What you need to do
Using the listing below, reproduce exactly the lines from the one with "ನಾಲ್ಕು ಕಾರ್ಮಿಕ ಸಂಹಿತೆಗಳನ್ನು" through the last, with all pictures left out.

Data extract
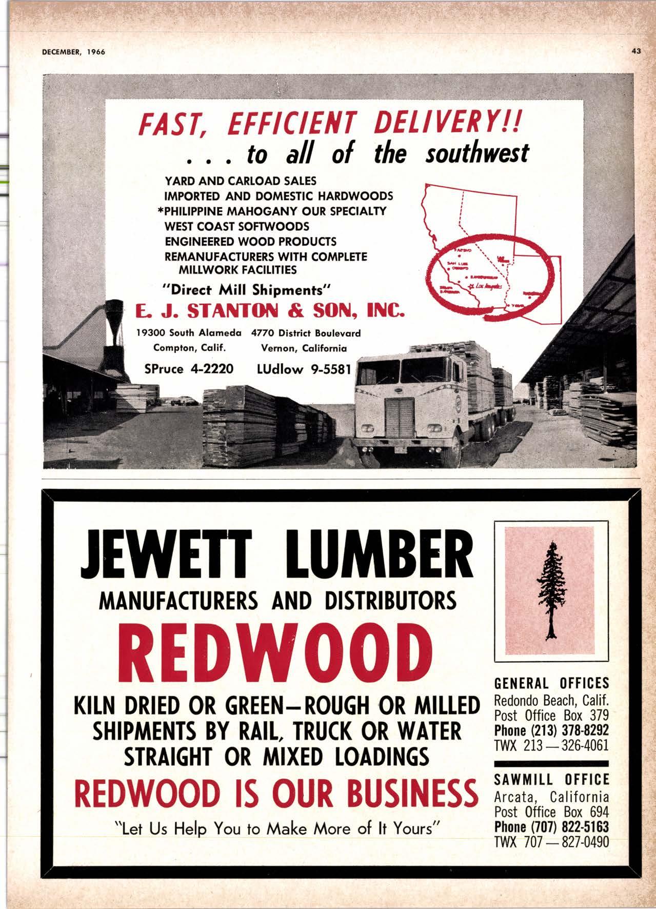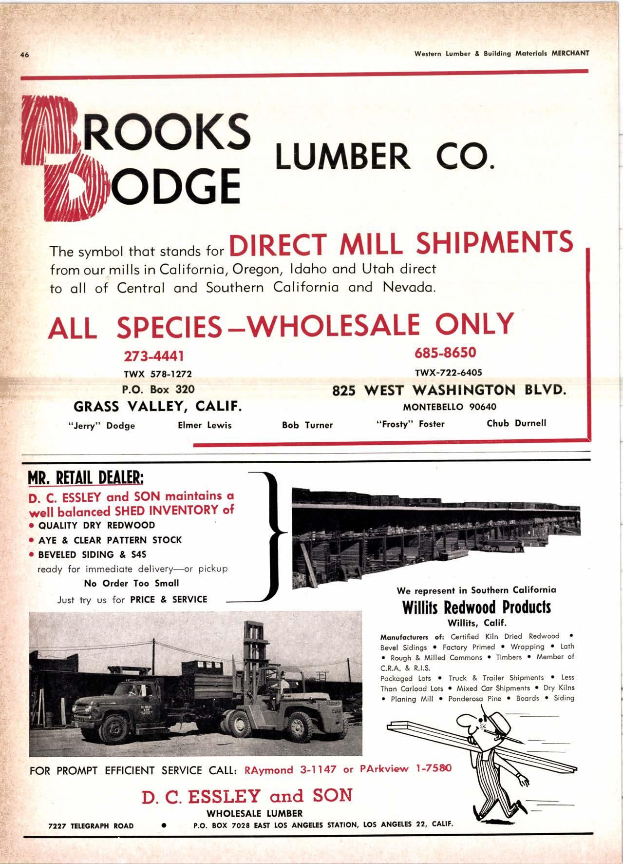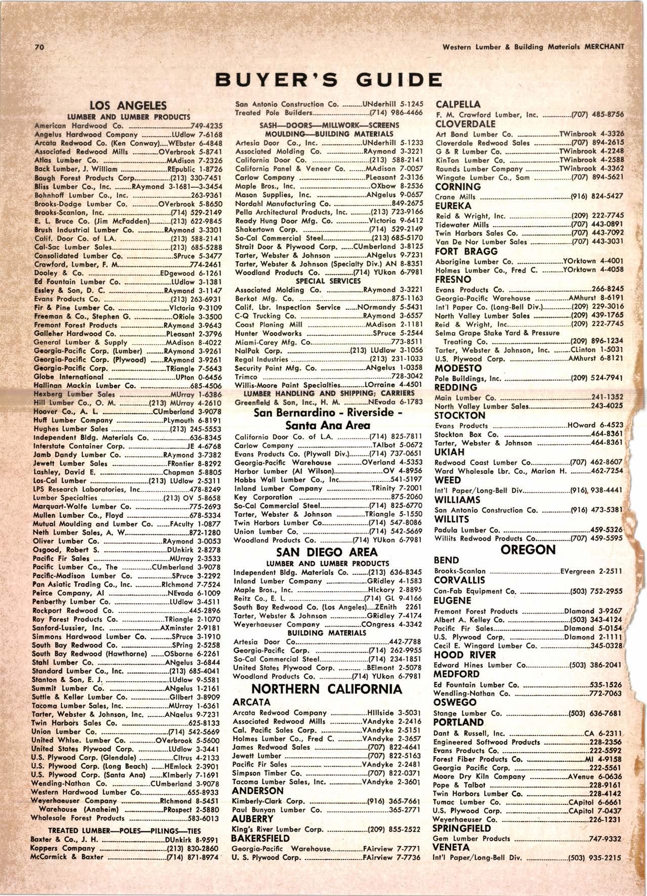 NolPok Corp. ----(2131 tUdlow 3-1056 Regol Industries ------------(2131 231-1033 Sccurity Pqint rvtfg. Co. -----.------..-.ANgclus l-0358 Trimco ---......---- --------------------,--728-3U2 Willir-Aioorr Point Spcciollics...*.--.-LOrrqi nc 4-4501 tulllEl HANDIINC ANO SHIPPING; CARRIERS Grccnicld & Son, Inc., H. }L .----.---NEvodq 6-1783 Son Bernordino - RiversideSonio Ano Areo Cofifornio Door Co. of L.A. ..---.----------l7l1l 825'7811 Wcrlcrn lurnbcr & Bullding ilorerioh mEfCHANt CAtPEttA F. l'f Crowford lumbcr, lnc. -----------{707l.at5-8756CLOVERDATE ' Arl Bond Lumbcr Co. .-.-----.---.-.TWinbrook 4-3326 Cfovcrdole Redwood Solcr -.--.-.--.--(7071 891.2515 G & R Lumbcr Co. ...-....-....-..--.-.-TWinbrook 1-221t' KinTon Lumbcr Co. ......------......-...TWinbrook 1-2585' Rounds [umbor Compony .--.---.-.-----.TWinbrook 4-3362 Wingole lumber Co., Som -------..-...-.-.-l707l 894'5521 Crone Mills ---.--..--........(916) 821'5127 EUREKA Reid & Wrighf , Inc. -...------.------------...---.(2091 222-7715 Tidcwoler Mif ls .--------- -.--.--.---------VO7l,f43-0891 fwin Horbors Safes Co. -.-.---------{/On 43-7@2 Von De Nor Lumber Soles -----------.---.--.VO7l .f,f3-3031 FORT BRAGG Aborigine Lumber Co. ....-.-----.-.-..---.YOrktown 4+{0Ol Holmes Lumber Co,, Frcd C. ..-.-.----YOrktown 4rO5E FRESNO Evonr Produclr Co' ..------------ ----------------26&8215 Georgio-Pocifl c Worehousc ....--.------..AJtAhurst 8-6191 Int'l Poper Co. (long-Bell Div.l------.------(2091 229'3016 North Vollcy Lurnbcr Sotcr .-.---.---12091 139'1755 Reid & Wright, Inc.-------------------^----------(2091 222-7715 Selno Grope Stqkc Yord & Presrurc Tr6oting Co. .------.--..---*--.-12001 89&1234 Torler, Webslcr & Johnron, lnc. -------Cl'inlon l-5O31 U.S. Plywood Corp. .-.-----.--.----.---...Ailhurst 6-8121 MODESTO Polc Bulldingr, lnc. REDDING Jrtoin tumbcr Co. .-.__..__.___._--__..__..__._-*2.11 _l 352 Norlh Voltey tumbcr Solcr-..-..-..-..---.-.----213-1025 STOCKTON 521-791r Tcrler, Websler & Johnron 161-8361 ,l' UKIAH : Redwood Coosl lumber Co.---.-.-..--------.(70n a62-86O7''i Word Wholesqfc tbr, Co., Msrion H. ---.----162-7251 ;t WEED i f nr'l Poperllons-Belt Div.---.---.---.-.---.--..(91 61 938-44,1l .l wltuAl s .:i Evons Producls ...-.-----HOword 6-1523,; Stockton Box Co. --..-....-.,f64'8!61 " Podulo Lumber Co. .-.-..-.--..----..-.---------...f59-5326 Willits Redwood Products Co.-----------17O71,t59-5595 OREGON BEND Brooks-Sconlon --------EVergreen 2-2511 coRvAtUs
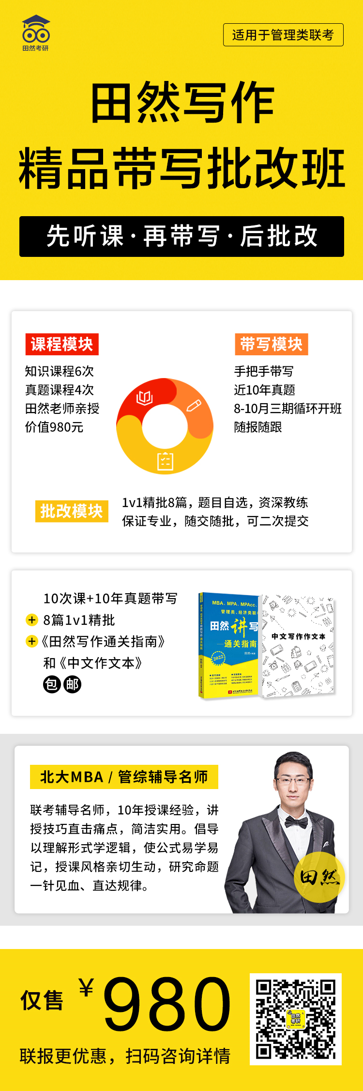 10次20h系统精讲直播课+10年真题带写+8篇1v1精批+包邮送《田然讲写作·通关指南》+《中文写作作文本》。
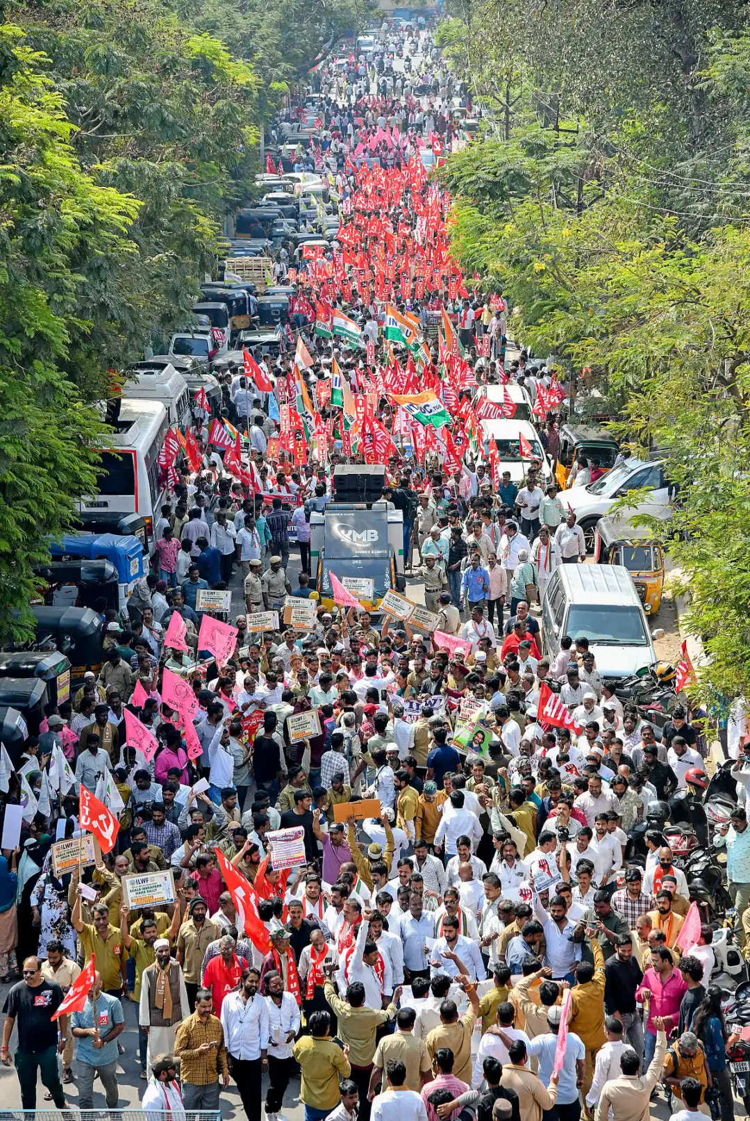 ನಾಲ್ಕು ಕಾರ್ಮಿಕ ಸಂಹಿತೆಗಳನ್ನು ಹಿಂಪಡೆಯುವಂತೆ ಒತ್ತಾಯಿಸಿ ಹೈದರಾಬಾದ್ನಲ್ಲಿ ಎಡಪಕ್ಷಗಳ ಜಂಟಿ ವೇದಿಕೆ ಕರೆ ನೀಡಿದ್ದ ಪ್ರತಿಭಟನೆಯಲ್ಲಿ ಸಾವಿರಾರು ಕಾರ್ಮಿಕರು ಭಾಗವಹಿಸಿದ್ದರು.
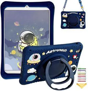 Kids Case for iPad (A16) 11th Gen 11" 2025/iPad 10th Generation 10.9 inch 2022,UUcovers 360 Rotating Ring Handle/Stand Case with Pencil Holder/Shoulder Strap Girl Boy Cute Soft Cover,Astronaut Space

Result of this task
 ನಾಲ್ಕು ಕಾರ್ಮಿಕ ಸಂಹಿತೆಗಳನ್ನು ಹಿಂಪಡೆಯುವಂತೆ ಒತ್ತಾಯಿಸಿ ಹೈದರಾಬಾದ್ನಲ್ಲಿ ಎಡಪಕ್ಷಗಳ ಜಂಟಿ ವೇದಿಕೆ ಕರೆ ನೀಡಿದ್ದ ಪ್ರತಿಭಟನೆಯಲ್ಲಿ ಸಾವಿರಾರು ಕಾರ್ಮಿಕರು ಭಾಗವಹಿಸಿದ್ದರು.
 Kids Case for iPad (A16) 11th Gen 11" 2025/iPad 10th Generation 10.9 inch 2022,UUcovers 360 Rotating Ring Handle/Stand Case with Pencil Holder/Shoulder Strap Girl Boy Cute Soft Cover,Astronaut Space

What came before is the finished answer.